(Required action): Omitting the pictures, print every line below exactly as it stands.

(Material provided):
=== Begin Enclosure ===
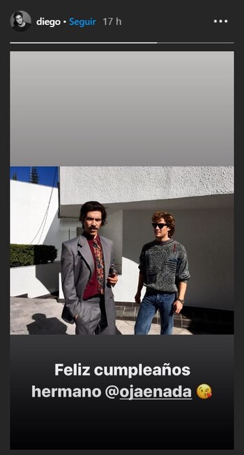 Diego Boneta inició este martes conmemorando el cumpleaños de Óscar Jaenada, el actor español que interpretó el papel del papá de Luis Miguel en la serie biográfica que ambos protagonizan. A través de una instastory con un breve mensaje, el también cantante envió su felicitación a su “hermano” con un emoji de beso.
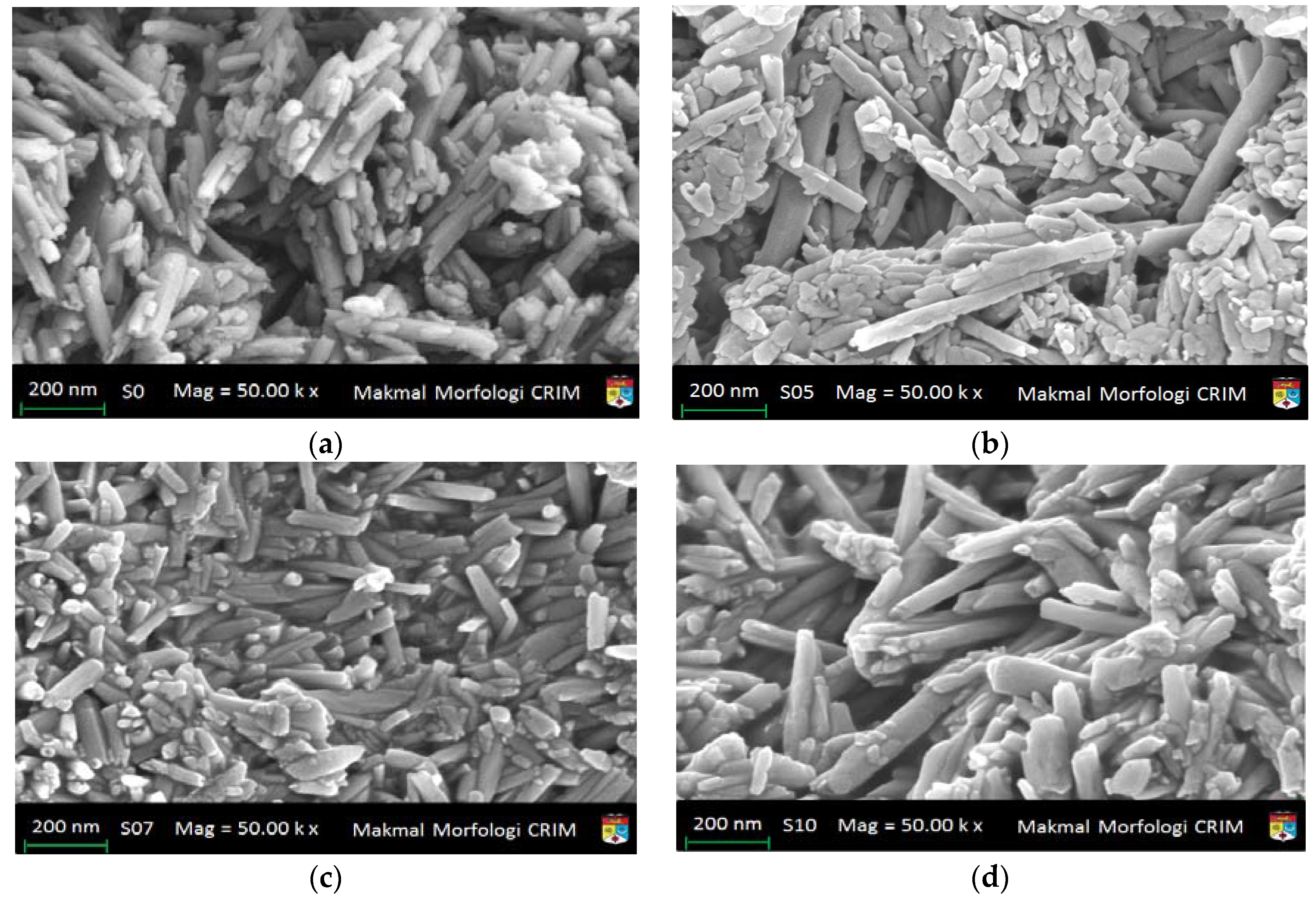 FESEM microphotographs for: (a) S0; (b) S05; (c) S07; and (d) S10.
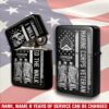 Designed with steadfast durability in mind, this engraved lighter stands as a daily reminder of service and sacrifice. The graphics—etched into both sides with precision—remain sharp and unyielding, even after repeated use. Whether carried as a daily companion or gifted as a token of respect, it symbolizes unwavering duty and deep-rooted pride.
=== End Enclosure ===
(Exercise output):
 Diego Boneta inició este martes conmemorando el cumpleaños de Óscar Jaenada, el actor español que interpretó el papel del papá de Luis Miguel en la serie biográfica que ambos protagonizan. A través de una instastory con un breve mensaje, el también cantante envió su felicitación a su “hermano” con un emoji de beso.
 FESEM microphotographs for: (a) S0; (b) S05; (c) S07; and (d) S10.
 Designed with steadfast durability in mind, this engraved lighter stands as a daily reminder of service and sacrifice. The graphics—etched into both sides with precision—remain sharp and unyielding, even after repeated use. Whether carried as a daily companion or gifted as a token of respect, it symbolizes unwavering duty and deep-rooted pride.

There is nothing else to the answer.